This morning’s half year numbers from the tobacco and next generation smoking product company Imperial Brands failed to find much cheer with the market despite news that strong pricing was countering the impact of lower volumes. High single-digit EPS growth is forecast, bolstered as a result of the ongoing share buyback, but the profit performance is lacklustre and arguably there are concerns about the longer term trend here, too. The CEO is to retire this year and will be replaced by the current CFO. The Imperial Brands share price was 7% lower in early trade.
A pre-AGM trading update from cloud solutions provider Gamma Communications which moved its listing from AIM to the main market at the start of the month failed to find much favour with investors. The company highlighted weakness in the UK market earlier in the year and with this persisting, action is being taken to reduce costs. Management still expect full year earnings to within the latest forecast market range, but the Gamma share price is down 14% in early trade.

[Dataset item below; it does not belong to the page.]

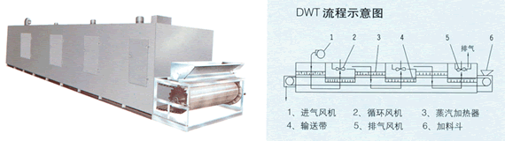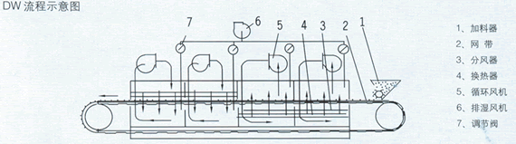 工作原理如下图所示,料斗中的物料由加料器均匀地铺在网带上,网采用12-60目不锈钢丝网,由传动装置拖动在干燥机内移动。干燥段由若干单元热风独立循环其中部分尾气。在上循环单元中,循环风机5出来的风由侧面风道进入下膛,气流向上通过换热器4加热,并经分配器3分配后,成喷射流吹向网带,穿过物料后进入上腔。干燥过程是热风气流穿国物料层,完成热量与质量传递的过程。上腔由风管与风机入口相连,一部分气体循环,一部分温度较低含湿量较高的气体作为废气经排湿管、调节阀、排湿风机排出。下循环单元中,循环风机出来的风先进入上腔,向下经换热器,穿过物料层进入下腔,下腔由侧面风道及回风管与风机入口相连,大部分气体循环,一部分排出,上下循环单元根据用户需要可灵活配备,单元数量亦可根据需要选取。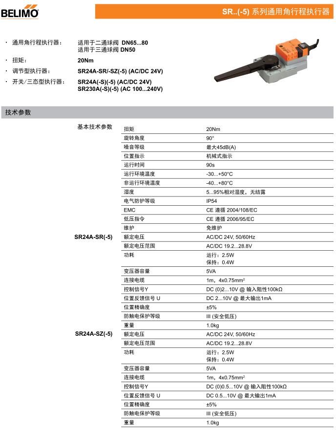 • SR(-5)系列通用角行程執行器

The iconic British fashion brand issued full year numbers this morning, announcing a major cost cutting drive including plans to eliminate as many as 1700 jobs over the next two years. Revenues fell 17% and the profit of £383 million posted a year ago has tumbled to a £66m loss, leaving management to announce the move although markets appear to be buying into the idea that this will create a company with sustainable profitable growth over time. The Burberry share price jumped almost 9% in the first half hour of trade.